Task:
Copy the lines below exactly, starting with the first and finishing with the one holding "四行倉庫西牆簡介,西牆是當初"; do not copy the pictures.

*-*-*

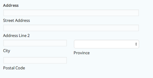 El tipo de dirección canadiense está formateado específicamente para direcciones dentro de Canadá.
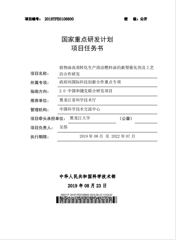 2019年,國(guó)家重點(diǎn)研發(fā)計(jì)劃中國(guó)和捷克聯(lián)合研發(fā)項(xiàng)目,植物油高效轉(zhuǎn)化生產(chǎn)清潔燃料油的新型催化劑及工藝的合作研發(fā)。
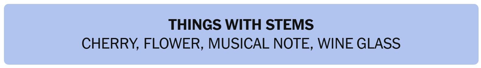 - Hint 4: One group of words is “THINGS WITH STEMS“.
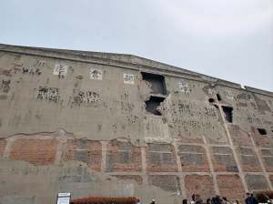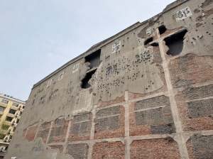 四行倉庫西牆簡介,西牆是當初進攻最密集的方向,牆上留有許多砲彈孔,和密布的槍彈孔。
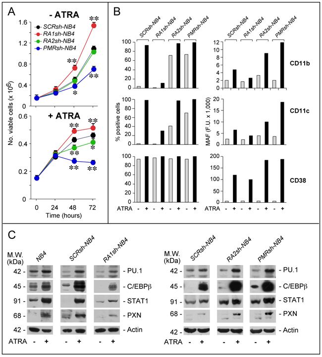 Figure 3: Effects of PML-RAR, RARα2 and RARα1 knock-down on the growth and differentiation of NB4 cells. A. The indicated NB4 cell populations stably infected with shRNAs targeting PML-RAR (PMRsh-NB4), RARα1 (RA1sh-NB4), RARα2 (RA2sh-NB4) or the control scramble shRNA (SCRsh-NB4) were grown in the presence of vehicle (DMSO) or ATRA (1 μM) for the indicated amount of time. The number of viable cells determined after staining with trypan blue is indicated. Each point is the mean±S.D. of three replicate cultures. ** = Significantly different relative to the corresponding SCRsh-NB4 time point (p<0.01 after Student’s t-test); * = Significantly different relative to the corresponding SCRsh-NB4 time point (p<0.05 after Student’s t-test). B. The indicated NB4 cell populations [see (A)] were grown in the presence of vehicle (DMSO) or ATRA (1 μM) for 72 hours. Cells were subjected to FACS analysis for the indicated markers. The column graphs on the left indicate the percentage of CD11b-, CD11c- and CD38-positive cells. The graphs on the right indicate the MAF (mean-associated-fluorescence) values determined. The results are representative of two independent experiments. C. The indicated NB4 cell populations were treated as in (B) for 48 hours. Cell extracts were subjected to Western blot analysis for the indicated proteins. Actin is used as a loading control. The results shown in the upper and lower panels were obtained in separate experiments. Each line shows cropped lanes of the same gel, hence the results can be compared across the lanes, as they were obtained with the same exposure time. The calculated molecular weight (M.W.) of each protein is indicated on the left. The results are representative of at least two independent experiments.
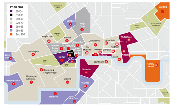 ロンドンにおけるオフィス賃貸料は、ウェストエンドが最も高額で、次いでシティ、イーストエンドの順となっています。テムズ川南岸のサウスバンクはおおむねシティと同水準、新たなシティと期待されているウォーターフロントのエリア・カナリーワーフはイーストエンドよりも安価となっています。
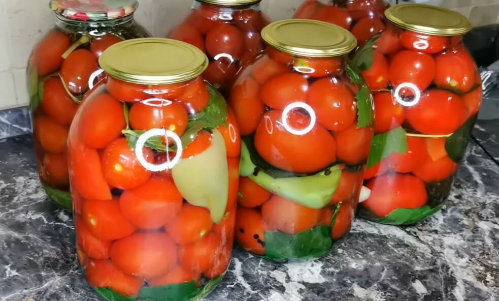 Привет! Сегодня хочу поделиться с вами семейным рецептом маринованных помидор на зиму. Так готовила моя бабушка, потом мама и теперь я. Проверенный рецепт годами, очень вкусно. Для этого рецепта я обязательно использую листья вишни, листья черной смородины и листья на букву х )), укроп ну и конечно сами помидоры. Для этого рецепта очень удачно подходят помидоры сливки. Подготавливаем ингредиенты, все овощи и зелень очень тщательно промываем. Болгарский перец разрезаем на 2-4 части, чеснок чистим, листья х... режем на небольшие кусочки (или рвем руками, как вам удобно). Ставим заранее воду на огонь. Я закатываю в трехлитровые банки. На дно банки выкладываем листья х...(всю зелень добавляем по вкусу). Дальше выкладываем зонтики укропа (2-3 шт), добавляем чеснок (я кладу 5 шт), смесь душистого и черного перца и гвоздику - по щепотке. Далее заполняем помидорами. На дно банки стараюсь класть помидоры побольше и дальше, чем выше, тем поменьше кладу. До середины заполнили, выкладываем бол
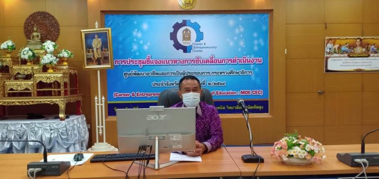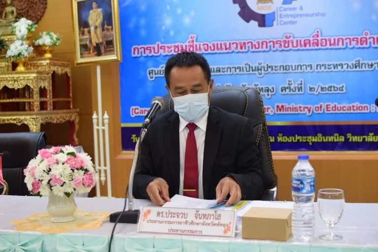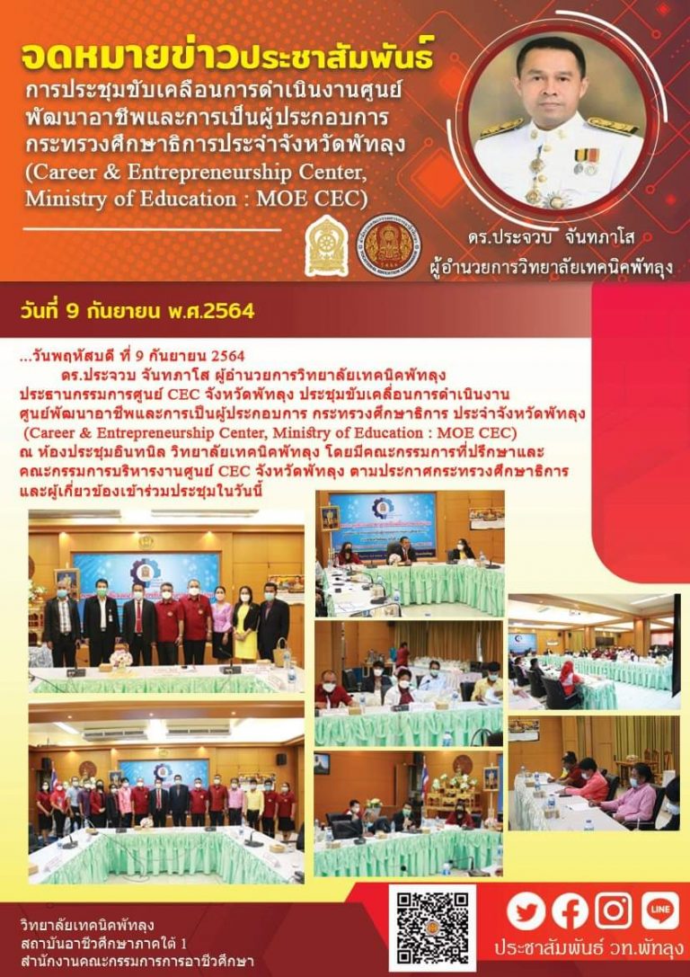 ดร.ประจวบ จันทภาโส ผู้อำนวยการวิทยาลัยเทคนิคพัทลุง ประธานกรรมการศูนย์ CEC จังหวัดพัทลุง ประชุมขับเคลื่อนการดำเนินงานศูนย์พัฒนาอาชีพและการเป็นผู้ประกอบการ กระทรวงศึกษาธิการ ประจำจังหวัดพัทลุง
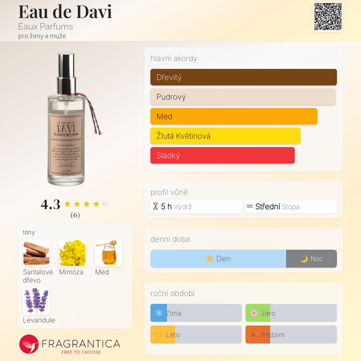 Eau de Davi podle Eaux Parfums je Aromatic Fougere vůně pro ženy a muže. Eau de Davi byl/a uveden/a v roce 2015. "Nosem" za touto vůní je Leonora Nogueira.

*-*-*

Exercise output:
 El tipo de dirección canadiense está formateado específicamente para direcciones dentro de Canadá.
 2019年,國(guó)家重點(diǎn)研發(fā)計(jì)劃中國(guó)和捷克聯(lián)合研發(fā)項(xiàng)目,植物油高效轉(zhuǎn)化生產(chǎn)清潔燃料油的新型催化劑及工藝的合作研發(fā)。
 - Hint 4: One group of words is “THINGS WITH STEMS“.
 四行倉庫西牆簡介,西牆是當初進攻最密集的方向,牆上留有許多砲彈孔,和密布的槍彈孔。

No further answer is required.